CD47 blockade reduces the pathologic features of experimental cerebral malaria and promotes survival of hosts with Plasmodium infection

Significance Novel therapies are urgently needed that can ameliorate the clinical syndromes of cerebral malaria, the most severe consequences of Plasmodium infection, and thereby reduce malaria fatality. Monoclonal antibodies that target CD47, a “don’t eat me” signal, have been demonstrated to enhance cellular clearance of cancer cells by promoting macrophage phagocytosis. We sought to adopt this therapeutic strategy to ameliorate the clinical syndromes associated with cerebral malaria with the goals of reducing disease-associated morbidity and mortality. We demonstrate that CD47 blockade by anti-CD47 injection leads to survival from cerebral malaria in mice.

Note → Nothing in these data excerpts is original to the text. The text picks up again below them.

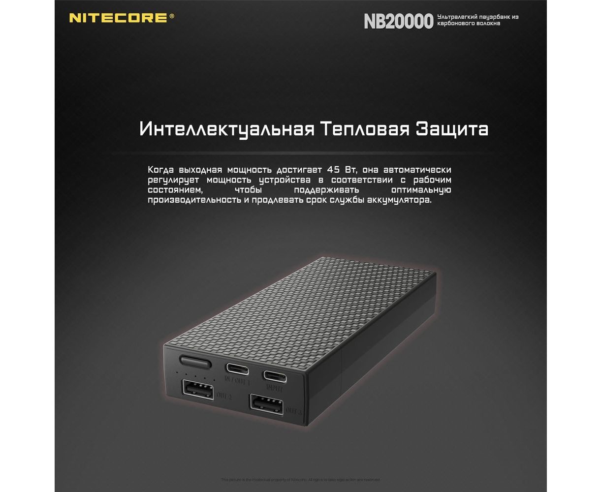 Ультралегкий power bank из углеродного волокна NITECORE NB20000 изготовлен из легкого углеродного волокна и подходит для фото- и видеосъемки, походов, кемпинга и многого другого.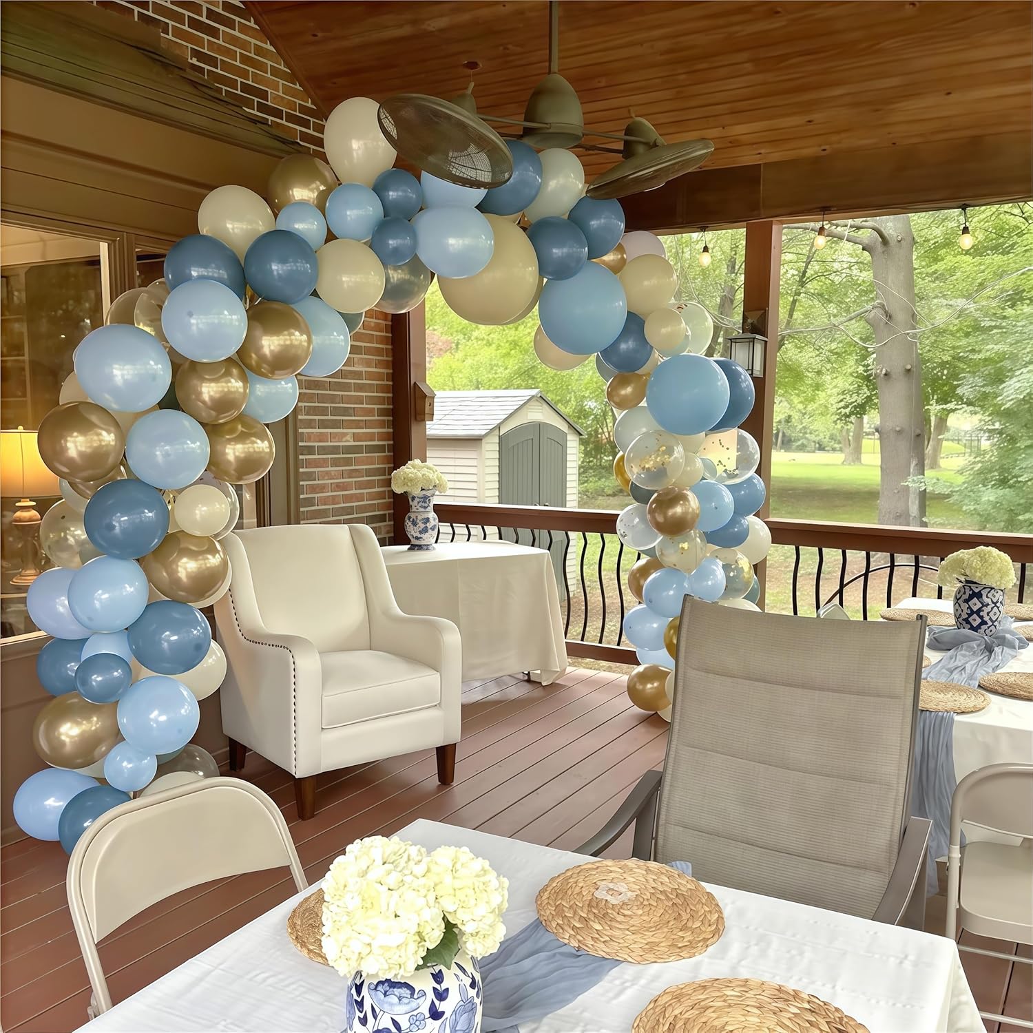 - š Dusty Blue Balloons Set: This is a beautiful bright balloon, which contains balloons of different colors. Include 12 inch white sand balloon(15pcs), dusty blue balloon(15pcs), Slate Baby Blue balloon(15pcs), metallic champagne gold balloon(10pcs), gold confetti balloon(5pcs), 2 rolls of ribbons. You can use these different shades of blue balloon kits, DIY balloon combinations to create your birthday party.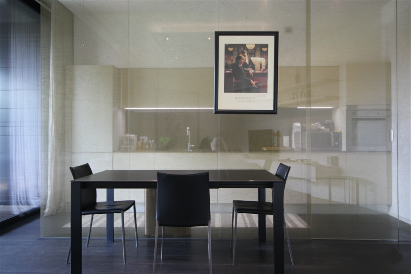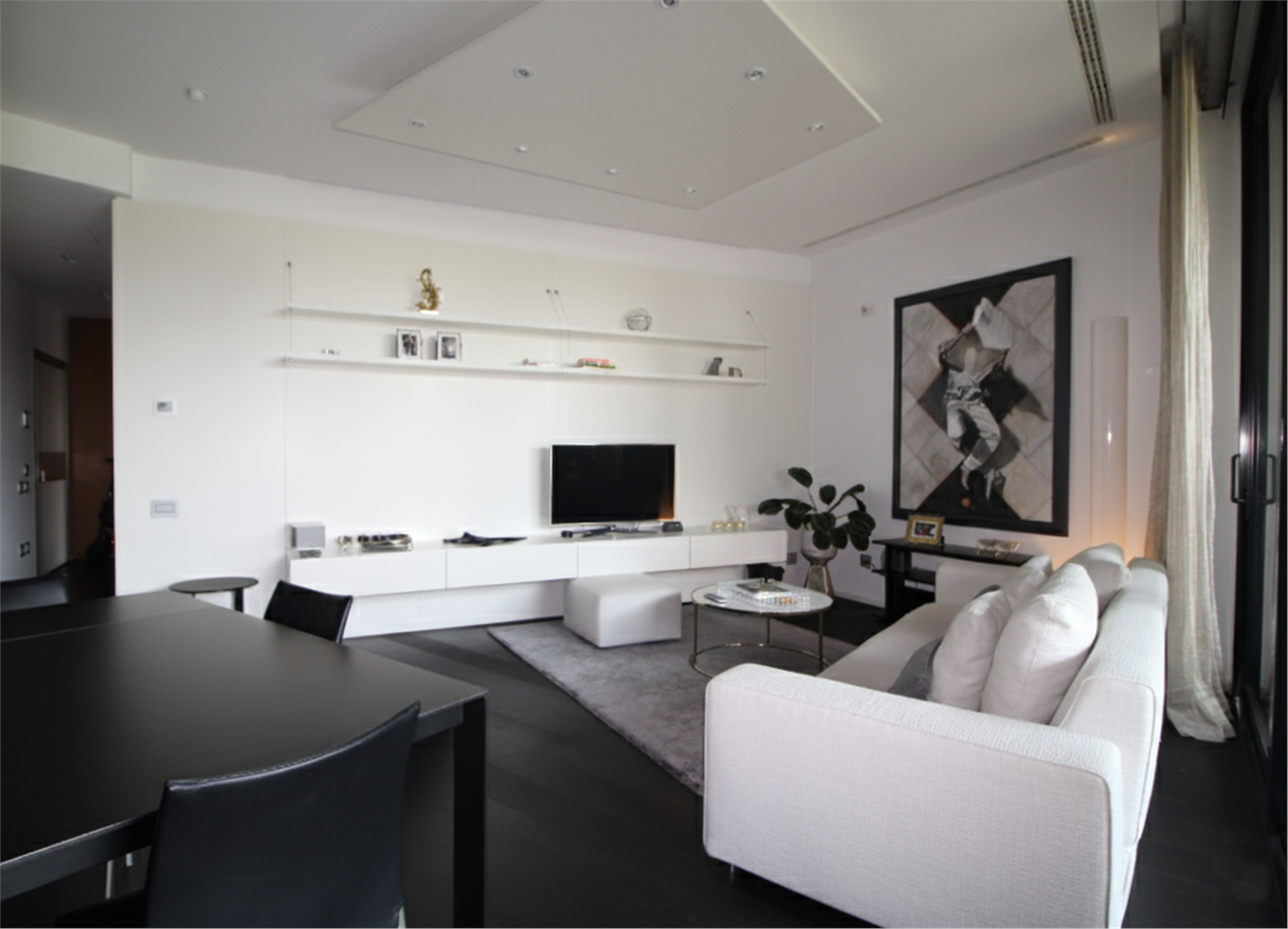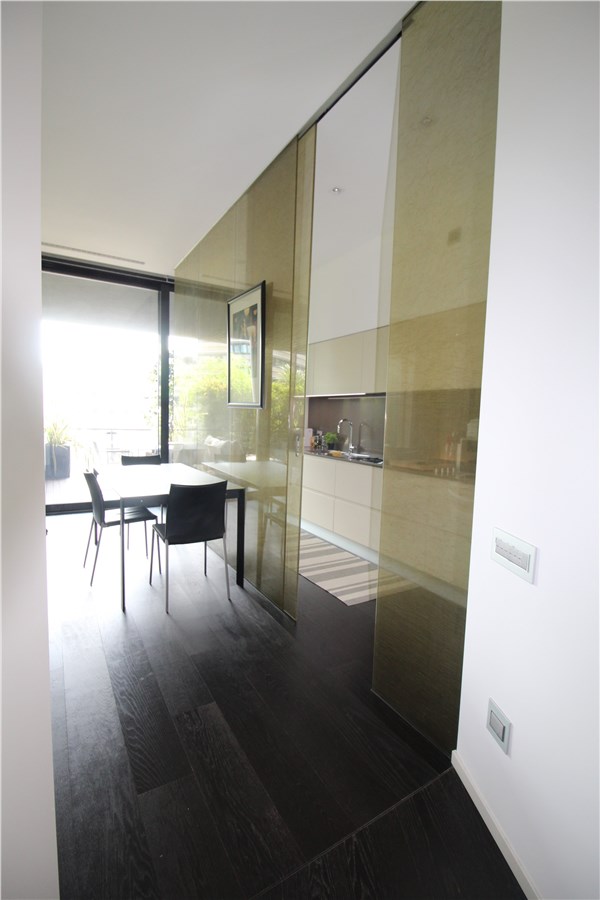 La superficie commerciale di 90mq circa comprende un soggiorno/pranzo con cucina parzialmente a vista. Le grandi vetrate a tutta parete mettono in comunicazione il soggiorno con il terrazzo, dando una sensazione di grande ampiezza.

CD47 is an antiphagocytic “don’t eat me” signal that inhibits programmed cell removal of self. As red blood cells (RBCs) age they lose CD47 expression and become susceptible to programmed cell removal by macrophages. CD47−/− mice infected with Plasmodium yoelii, which exhibits an age-based preference for young RBCs, were previously demonstrated to be highly resistant to malaria infection. Our study sought to test the therapeutic benefit of CD47 blockade on ameliorating the clinical syndromes of experimental cerebral malaria (ECM), using the Plasmodium berghei ANKA (Pb-A) murine model. In vitro we tested the effect of anti-CD47 mAb on Plasmodium-infected RBC phagocytosis and found that anti-CD47 treatment significantly increased clearance of Plasmodium-infected RBCs. Infection of C57BL/6 mice with Pb-A is lethal and mice succumb to the clinical syndromes of CM between days 6 and 10 postinfection. Strikingly, treatment with anti-CD47 resulted in increased survival during the cerebral phase of Pb-A infection. Anti-CD47–treated mice had increased lymphocyte counts in the peripheral blood and increased circulating levels of IFN-γ, TNF-α, and IL-22. Despite increased circulating levels of inflammatory cytokines, anti-CD47–treated mice had reduced pathological features in the brain. Survival of ECM in anti-CD47–treated mice was correlated with reduced cellular accumulation in the cerebral vasculature, improved blood–brain barrier integrity, and reduced cytotoxic activity of infiltrating CD8+ T cells. These results demonstrate the therapeutic benefit of anti-CD47 to reduce morbidity in a lethal model of ECM, which may have implications for preventing mortality in young African children who are the highest casualties of CM.